Material provided:

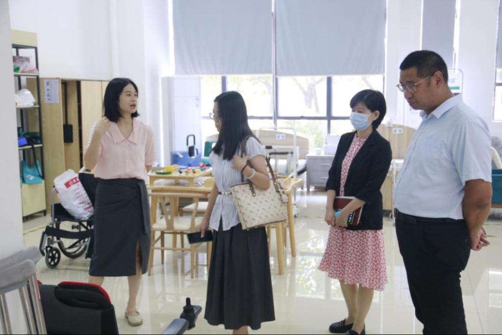 在座谈会开始前,参会人员一行在我校卫生健康学院副院长董全斌的陪同下来到我校康复辅具产学研示范中心进行参观交流。
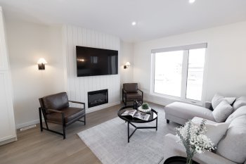 • Open-concept living space anchored by a statement fireplace
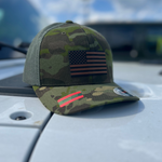 Green Multicam Camo Trucker Hat - One Size Fits Most Flexfit Fitted Hat
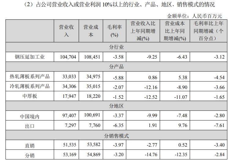 毛利率方面,2024年鞍钢股份占公司营业收入或营业利润10%以上的产品依次为热轧薄板系列产品、冷轧薄板系列产品、中厚板,对应毛利率分别为-5.88%、-2.07%、-1.52%,均为负值。
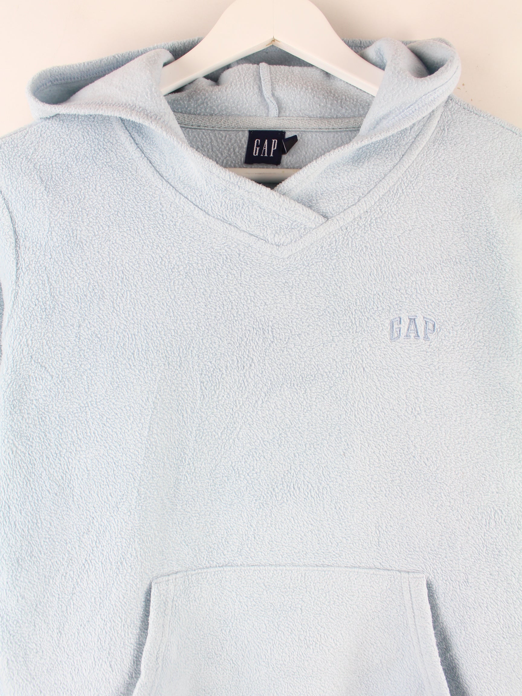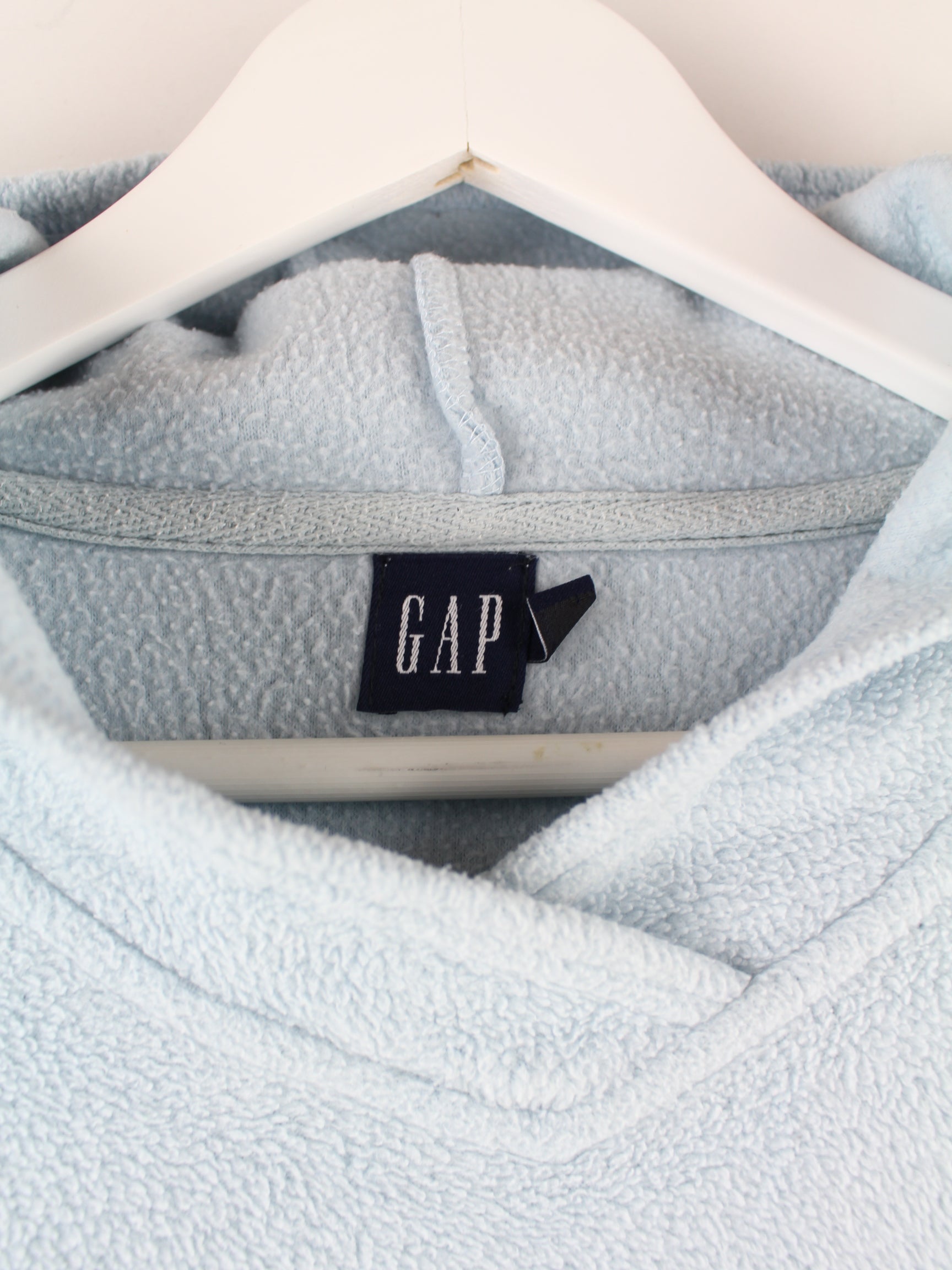 Blauer Hoodie der Marke GAP in Größe M. Er ist aus angenehmem Fleece hergestellt und in gutem Zustand bei uns zu bekommen.

What the exercise asks:
Pictures in the material above should be skipped; print exactly the lines from the one with "a statement fireplace" through the one with "毛利率方面,2024年鞍钢股".

Solution:
 • Open-concept living space anchored by a statement fireplace
 Green Multicam Camo Trucker Hat - One Size Fits Most Flexfit Fitted Hat
 毛利率方面,2024年鞍钢股份占公司营业收入或营业利润10%以上的产品依次为热轧薄板系列产品、冷轧薄板系列产品、中厚板,对应毛利率分别为-5.88%、-2.07%、-1.52%,均为负值。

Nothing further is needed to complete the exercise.